TO DO: For the material below, the expected output is exactly the lines between the line holding "弗雷斯特·惠特克凭借《末代独裁》中的精彩演出获得最佳男主角。中新社发 贾国荣 摄" and the line holding "南北通透|主卧 270°飘窗+双飘窗|U 型厨房|南向观江景阳台", inclusive, with pictures left out.

── INPUT RECORDS

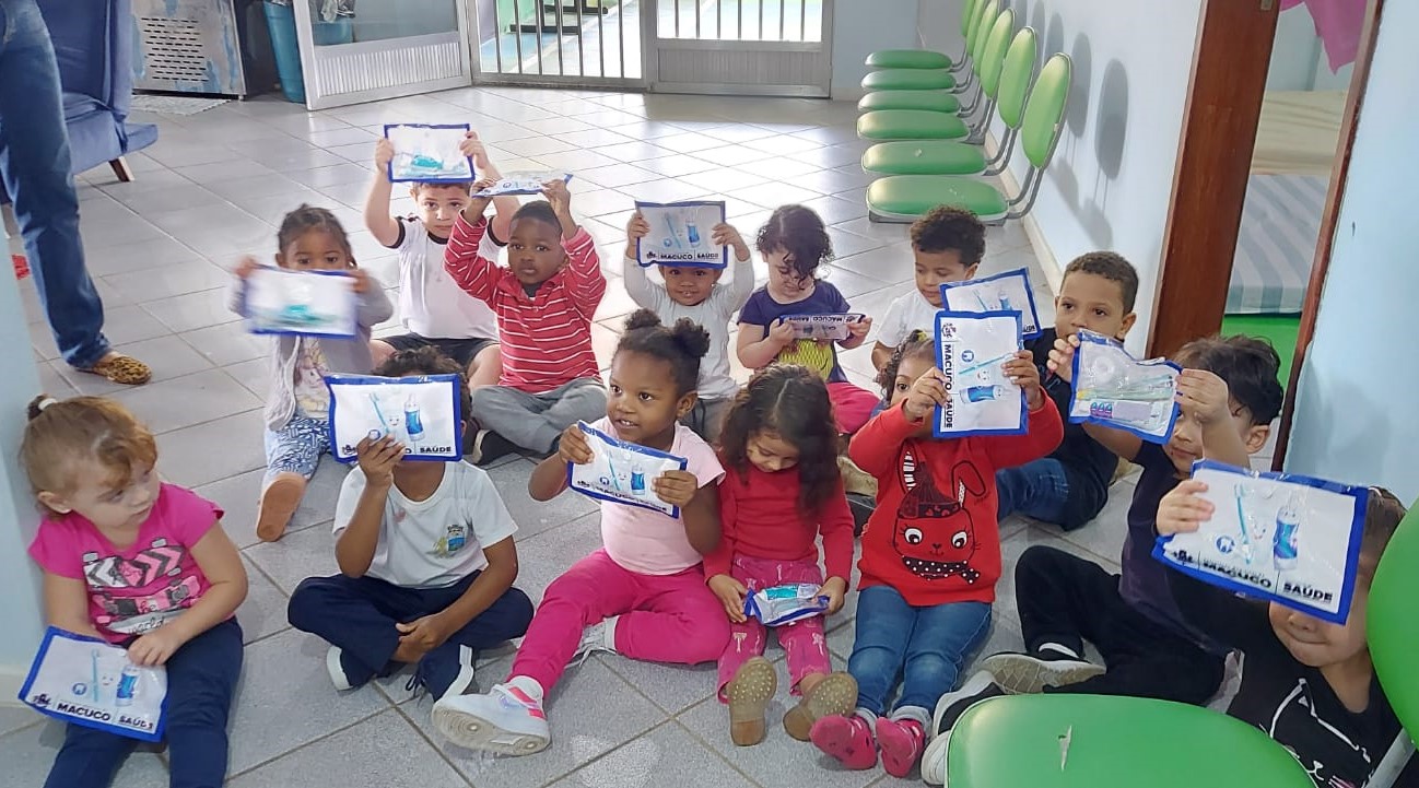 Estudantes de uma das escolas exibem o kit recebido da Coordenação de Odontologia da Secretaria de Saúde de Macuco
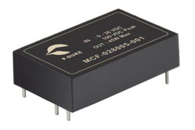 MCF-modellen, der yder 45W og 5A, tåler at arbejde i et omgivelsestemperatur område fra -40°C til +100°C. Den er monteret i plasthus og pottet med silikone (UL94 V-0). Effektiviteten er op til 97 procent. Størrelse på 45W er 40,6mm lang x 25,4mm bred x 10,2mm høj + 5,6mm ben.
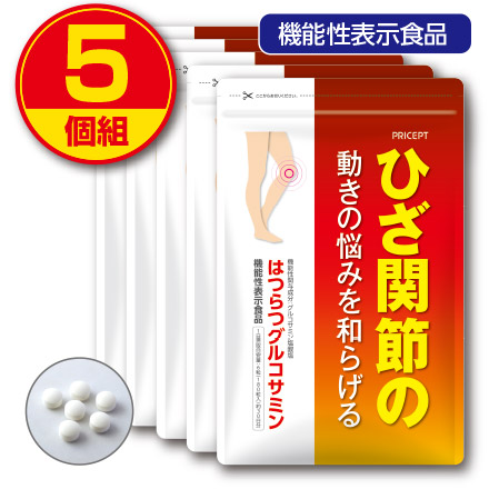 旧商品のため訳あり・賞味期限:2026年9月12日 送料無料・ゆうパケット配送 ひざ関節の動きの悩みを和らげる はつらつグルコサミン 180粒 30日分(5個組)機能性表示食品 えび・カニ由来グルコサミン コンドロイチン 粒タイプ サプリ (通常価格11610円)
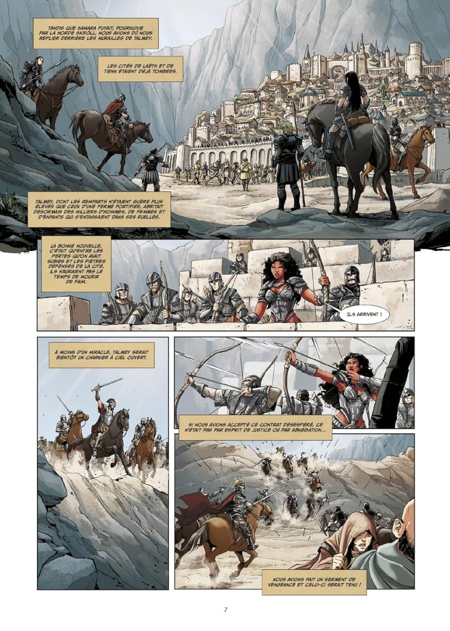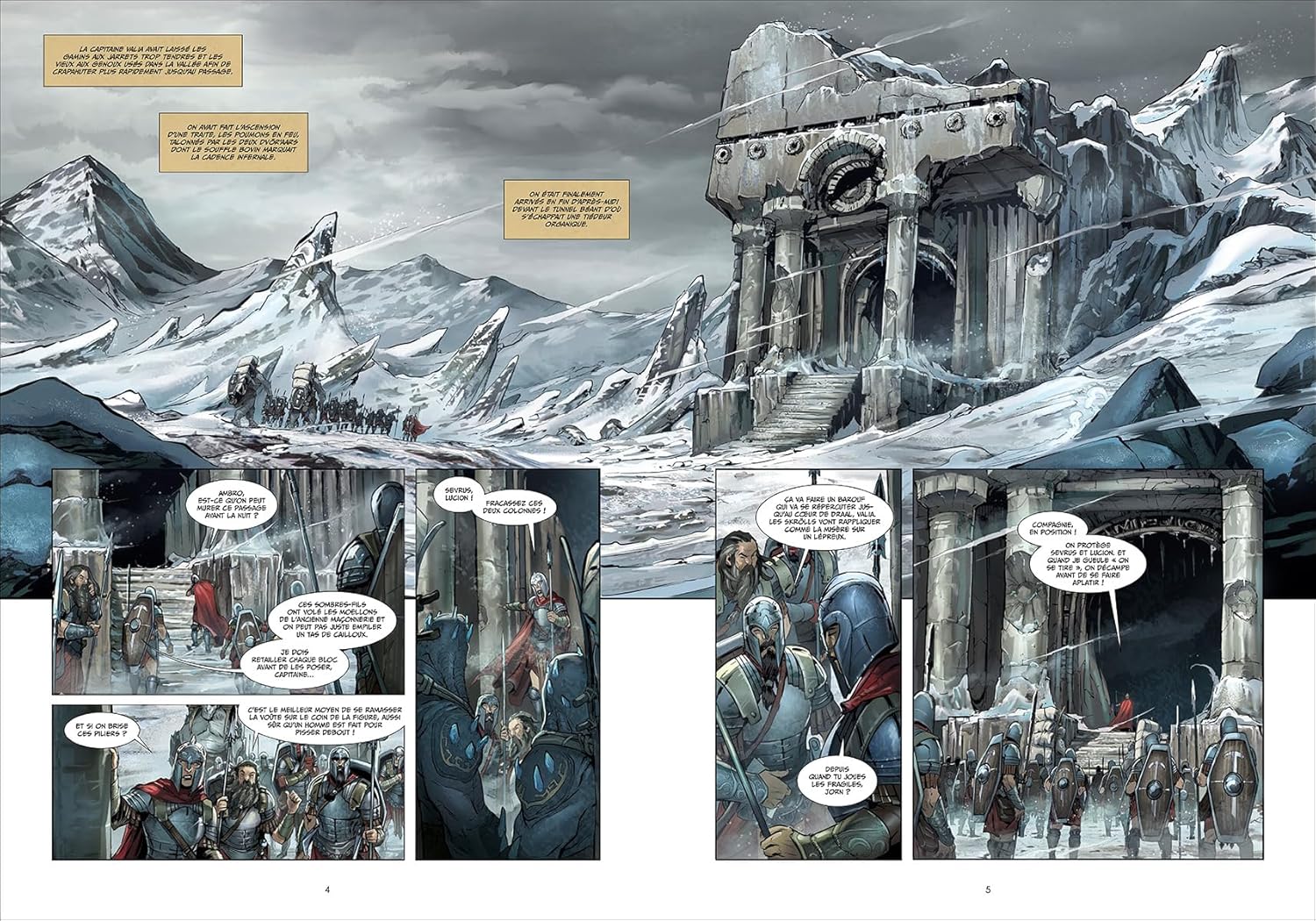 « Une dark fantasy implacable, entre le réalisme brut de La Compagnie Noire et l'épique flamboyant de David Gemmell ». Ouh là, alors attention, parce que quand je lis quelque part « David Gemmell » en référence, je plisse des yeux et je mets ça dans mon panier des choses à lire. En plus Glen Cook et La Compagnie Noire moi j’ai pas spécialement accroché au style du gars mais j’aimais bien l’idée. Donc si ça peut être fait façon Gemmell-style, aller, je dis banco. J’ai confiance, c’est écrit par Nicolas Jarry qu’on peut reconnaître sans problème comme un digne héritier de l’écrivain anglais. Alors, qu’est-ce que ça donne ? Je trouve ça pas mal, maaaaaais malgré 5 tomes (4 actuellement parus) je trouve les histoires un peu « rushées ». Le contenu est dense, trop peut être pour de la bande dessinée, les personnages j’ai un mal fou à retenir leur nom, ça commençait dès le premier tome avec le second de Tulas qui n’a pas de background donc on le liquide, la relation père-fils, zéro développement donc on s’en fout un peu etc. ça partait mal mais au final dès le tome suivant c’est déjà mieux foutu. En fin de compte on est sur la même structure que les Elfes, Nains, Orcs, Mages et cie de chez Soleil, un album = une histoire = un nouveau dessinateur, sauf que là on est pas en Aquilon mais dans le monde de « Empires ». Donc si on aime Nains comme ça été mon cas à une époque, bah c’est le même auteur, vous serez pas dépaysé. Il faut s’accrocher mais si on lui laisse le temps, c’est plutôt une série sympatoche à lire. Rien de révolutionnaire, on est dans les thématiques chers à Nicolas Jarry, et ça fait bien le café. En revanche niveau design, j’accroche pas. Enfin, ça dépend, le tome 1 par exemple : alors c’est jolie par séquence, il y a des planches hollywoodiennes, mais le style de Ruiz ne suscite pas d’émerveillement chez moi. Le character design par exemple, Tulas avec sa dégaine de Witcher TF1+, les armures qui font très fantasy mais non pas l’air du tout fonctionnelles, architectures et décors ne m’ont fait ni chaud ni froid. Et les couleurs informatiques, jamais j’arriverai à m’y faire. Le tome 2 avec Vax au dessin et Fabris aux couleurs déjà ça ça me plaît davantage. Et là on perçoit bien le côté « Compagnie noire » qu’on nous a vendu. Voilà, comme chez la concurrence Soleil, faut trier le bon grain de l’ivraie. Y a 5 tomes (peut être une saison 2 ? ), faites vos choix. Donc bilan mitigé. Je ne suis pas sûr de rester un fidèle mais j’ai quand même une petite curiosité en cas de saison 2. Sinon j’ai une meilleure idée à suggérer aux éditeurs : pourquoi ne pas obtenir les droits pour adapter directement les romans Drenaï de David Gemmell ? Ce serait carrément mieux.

────
── INPUT RECORDS

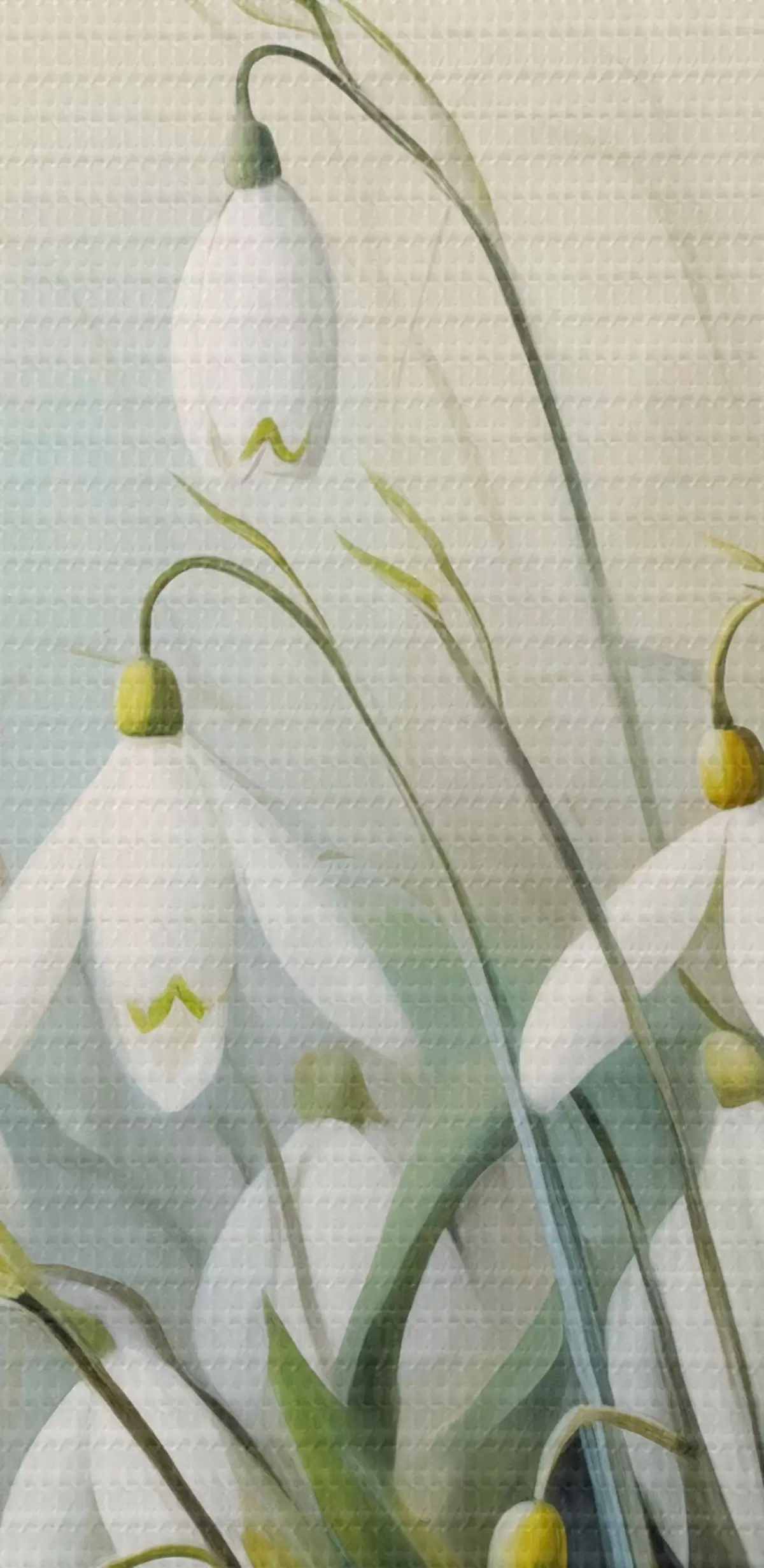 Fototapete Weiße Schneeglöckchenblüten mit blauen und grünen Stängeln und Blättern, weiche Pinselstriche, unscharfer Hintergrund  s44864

────
── INPUT RECORDS

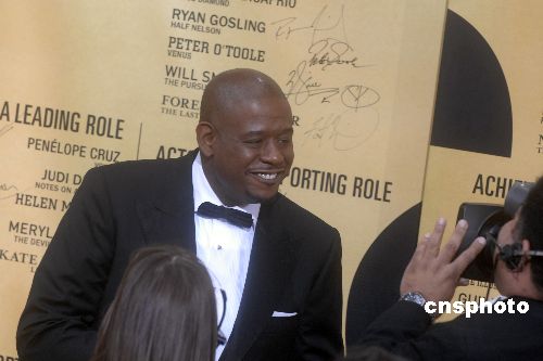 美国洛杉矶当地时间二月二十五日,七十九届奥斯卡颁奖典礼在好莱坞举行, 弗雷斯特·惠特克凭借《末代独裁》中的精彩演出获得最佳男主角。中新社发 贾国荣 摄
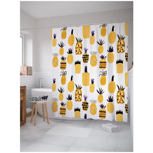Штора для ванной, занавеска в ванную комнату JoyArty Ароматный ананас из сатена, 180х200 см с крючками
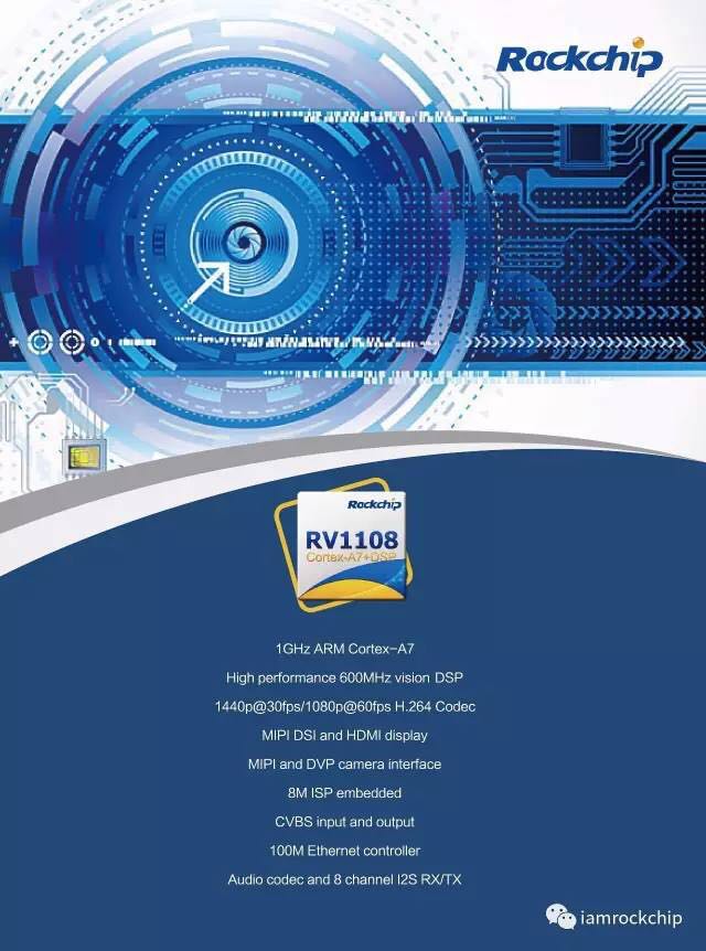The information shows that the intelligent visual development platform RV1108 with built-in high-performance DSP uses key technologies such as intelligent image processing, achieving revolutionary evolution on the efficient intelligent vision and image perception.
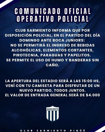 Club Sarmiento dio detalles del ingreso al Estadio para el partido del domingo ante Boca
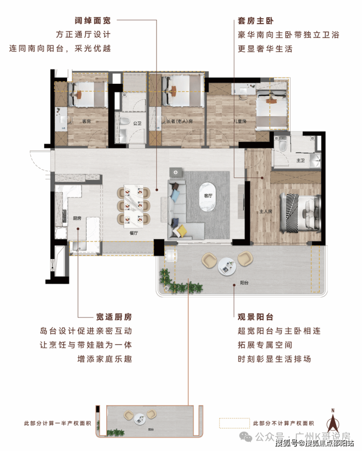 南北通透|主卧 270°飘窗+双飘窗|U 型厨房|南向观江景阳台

────

TASK ANSWER:
 美国洛杉矶当地时间二月二十五日,七十九届奥斯卡颁奖典礼在好莱坞举行, 弗雷斯特·惠特克凭借《末代独裁》中的精彩演出获得最佳男主角。中新社发 贾国荣 摄
Штора для ванной, занавеска в ванную комнату JoyArty Ароматный ананас из сатена, 180х200 см с крючками
The information shows that the intelligent visual development platform RV1108 with built-in high-performance DSP uses key technologies such as intelligent image processing, achieving revolutionary evolution on the efficient intelligent vision and image perception.
 Club Sarmiento dio detalles del ingreso al Estadio para el partido del domingo ante Boca
 南北通透|主卧 270°飘窗+双飘窗|U 型厨房|南向观江景阳台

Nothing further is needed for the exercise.